# Records shown
'''

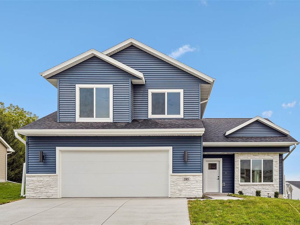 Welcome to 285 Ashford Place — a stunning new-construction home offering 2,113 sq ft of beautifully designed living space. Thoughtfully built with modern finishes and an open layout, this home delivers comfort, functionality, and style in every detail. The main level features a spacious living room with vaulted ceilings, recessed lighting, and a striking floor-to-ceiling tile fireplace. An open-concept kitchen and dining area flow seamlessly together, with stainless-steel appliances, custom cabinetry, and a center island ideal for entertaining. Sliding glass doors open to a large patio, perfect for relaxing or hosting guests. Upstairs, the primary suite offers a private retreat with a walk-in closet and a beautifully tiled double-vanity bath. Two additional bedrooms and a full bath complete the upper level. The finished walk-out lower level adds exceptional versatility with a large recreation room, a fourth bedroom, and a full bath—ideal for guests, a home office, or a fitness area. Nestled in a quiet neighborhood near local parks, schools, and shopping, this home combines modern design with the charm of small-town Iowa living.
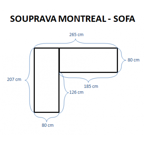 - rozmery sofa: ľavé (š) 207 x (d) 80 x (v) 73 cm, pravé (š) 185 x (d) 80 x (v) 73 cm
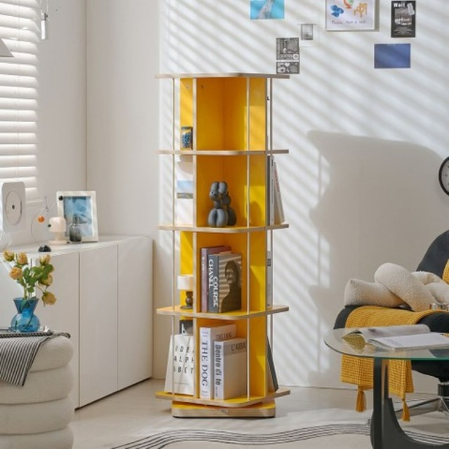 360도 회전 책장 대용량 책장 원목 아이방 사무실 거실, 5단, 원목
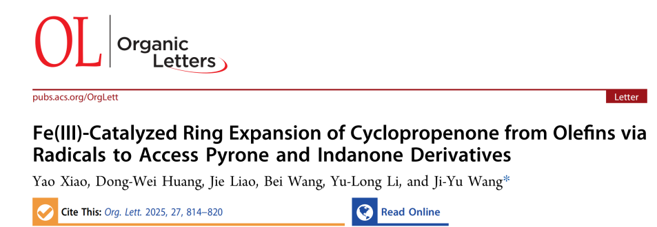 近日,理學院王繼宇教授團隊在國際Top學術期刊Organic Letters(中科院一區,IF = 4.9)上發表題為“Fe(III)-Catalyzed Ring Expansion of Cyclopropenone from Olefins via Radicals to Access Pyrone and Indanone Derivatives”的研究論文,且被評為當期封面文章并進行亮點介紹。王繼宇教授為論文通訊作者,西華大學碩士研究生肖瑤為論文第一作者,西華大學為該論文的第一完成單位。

'''
'''

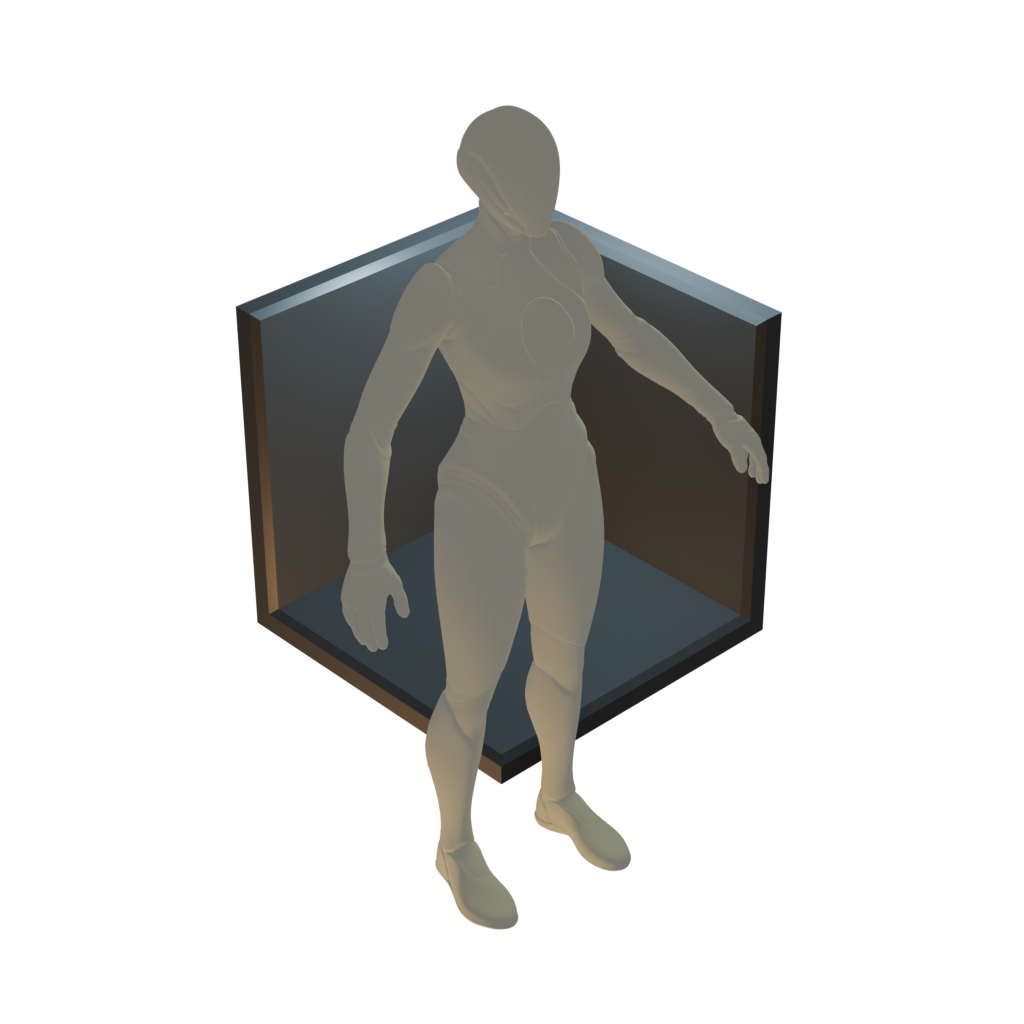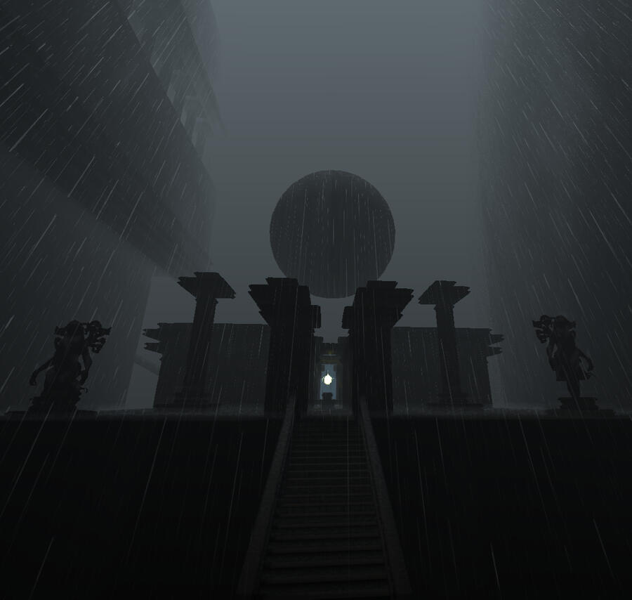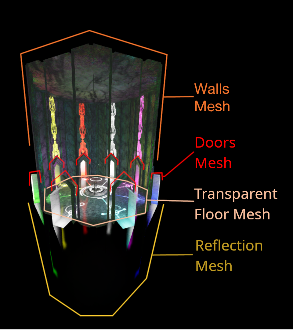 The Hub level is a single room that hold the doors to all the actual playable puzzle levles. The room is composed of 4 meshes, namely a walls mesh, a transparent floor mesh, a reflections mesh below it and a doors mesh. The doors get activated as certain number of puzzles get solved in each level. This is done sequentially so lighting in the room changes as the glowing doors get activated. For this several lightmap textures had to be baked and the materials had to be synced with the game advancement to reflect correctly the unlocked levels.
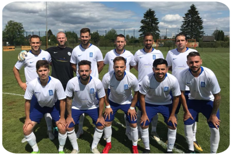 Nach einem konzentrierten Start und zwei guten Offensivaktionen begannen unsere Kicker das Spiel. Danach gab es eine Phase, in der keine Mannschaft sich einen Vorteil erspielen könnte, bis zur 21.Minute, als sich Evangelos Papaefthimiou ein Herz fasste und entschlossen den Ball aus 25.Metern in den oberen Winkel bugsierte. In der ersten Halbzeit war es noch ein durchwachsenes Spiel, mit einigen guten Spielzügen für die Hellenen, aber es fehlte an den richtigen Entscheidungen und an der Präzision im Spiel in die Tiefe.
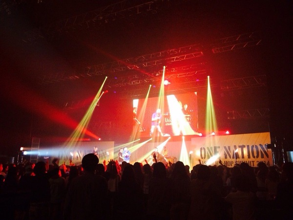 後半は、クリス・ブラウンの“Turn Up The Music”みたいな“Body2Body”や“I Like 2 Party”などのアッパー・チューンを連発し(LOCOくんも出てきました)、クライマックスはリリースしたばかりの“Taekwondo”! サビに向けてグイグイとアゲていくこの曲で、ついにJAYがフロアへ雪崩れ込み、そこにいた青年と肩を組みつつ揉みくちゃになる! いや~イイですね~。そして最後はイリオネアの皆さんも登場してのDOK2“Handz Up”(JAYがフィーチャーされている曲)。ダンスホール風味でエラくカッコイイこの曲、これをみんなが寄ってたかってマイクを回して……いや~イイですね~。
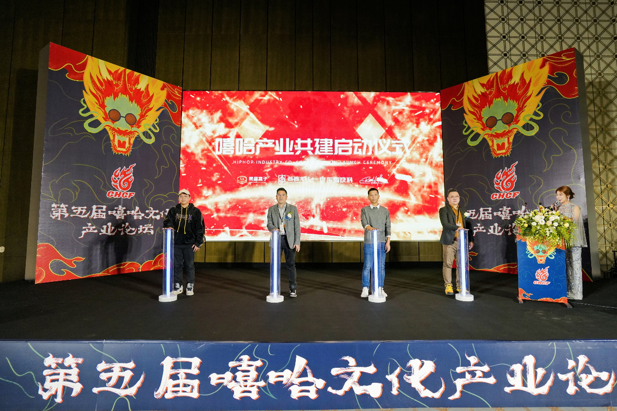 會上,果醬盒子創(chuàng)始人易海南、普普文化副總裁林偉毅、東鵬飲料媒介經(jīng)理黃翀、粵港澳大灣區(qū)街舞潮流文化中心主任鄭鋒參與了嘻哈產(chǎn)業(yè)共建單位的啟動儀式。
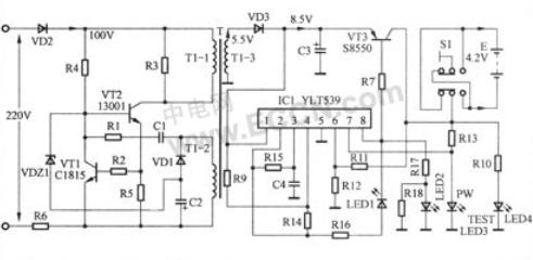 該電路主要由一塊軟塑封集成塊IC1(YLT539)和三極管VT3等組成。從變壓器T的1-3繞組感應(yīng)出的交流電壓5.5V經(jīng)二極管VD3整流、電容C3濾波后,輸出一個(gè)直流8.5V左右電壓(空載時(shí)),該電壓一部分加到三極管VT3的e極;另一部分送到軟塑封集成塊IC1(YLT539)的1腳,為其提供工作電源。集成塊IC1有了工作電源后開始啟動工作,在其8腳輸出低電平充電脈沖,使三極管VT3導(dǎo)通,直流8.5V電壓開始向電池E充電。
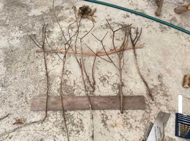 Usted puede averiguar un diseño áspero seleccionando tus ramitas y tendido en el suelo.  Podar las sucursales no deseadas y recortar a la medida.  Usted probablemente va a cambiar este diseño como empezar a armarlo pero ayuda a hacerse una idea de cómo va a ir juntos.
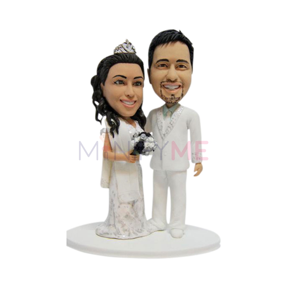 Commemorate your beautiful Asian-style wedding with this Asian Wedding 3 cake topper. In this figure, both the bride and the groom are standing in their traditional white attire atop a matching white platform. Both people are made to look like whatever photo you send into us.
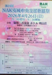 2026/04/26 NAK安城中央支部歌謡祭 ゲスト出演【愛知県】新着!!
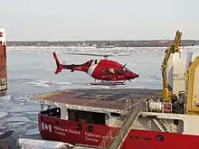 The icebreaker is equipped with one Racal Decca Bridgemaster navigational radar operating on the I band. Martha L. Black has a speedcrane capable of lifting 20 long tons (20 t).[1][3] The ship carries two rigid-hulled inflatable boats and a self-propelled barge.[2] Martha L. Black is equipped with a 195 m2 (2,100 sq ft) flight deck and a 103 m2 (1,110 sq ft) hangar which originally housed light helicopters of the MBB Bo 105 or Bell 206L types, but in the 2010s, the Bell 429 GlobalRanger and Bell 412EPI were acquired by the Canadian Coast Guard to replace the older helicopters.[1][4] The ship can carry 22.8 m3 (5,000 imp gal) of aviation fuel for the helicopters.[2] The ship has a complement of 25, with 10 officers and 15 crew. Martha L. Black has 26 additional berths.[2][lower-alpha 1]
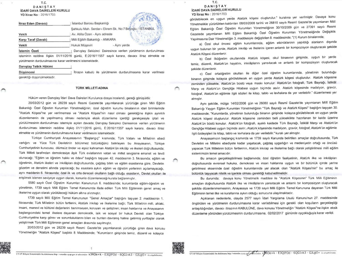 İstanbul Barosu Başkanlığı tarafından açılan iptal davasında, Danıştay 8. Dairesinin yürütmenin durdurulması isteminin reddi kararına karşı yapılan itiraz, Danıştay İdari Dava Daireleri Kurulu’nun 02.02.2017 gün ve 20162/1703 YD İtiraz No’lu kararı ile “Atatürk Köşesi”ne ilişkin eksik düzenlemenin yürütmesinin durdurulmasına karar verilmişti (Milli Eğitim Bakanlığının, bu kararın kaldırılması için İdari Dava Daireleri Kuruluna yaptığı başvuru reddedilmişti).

'''

# What needs to be done
Those lines of the records above that run from the one containing "- rozmery sofa: ľavé" through the one containing "Ring Expansion of" should be returned exactly, with no pictures among them.

# Exercise output
 - rozmery sofa: ľavé (š) 207 x (d) 80 x (v) 73 cm, pravé (š) 185 x (d) 80 x (v) 73 cm
 360도 회전 책장 대용량 책장 원목 아이방 사무실 거실, 5단, 원목
 近日,理學院王繼宇教授團隊在國際Top學術期刊Organic Letters(中科院一區,IF = 4.9)上發表題為“Fe(III)-Catalyzed Ring Expansion of Cyclopropenone from Olefins via Radicals to Access Pyrone and Indanone Derivatives”的研究論文,且被評為當期封面文章并進行亮點介紹。王繼宇教授為論文通訊作者,西華大學碩士研究生肖瑤為論文第一作者,西華大學為該論文的第一完成單位。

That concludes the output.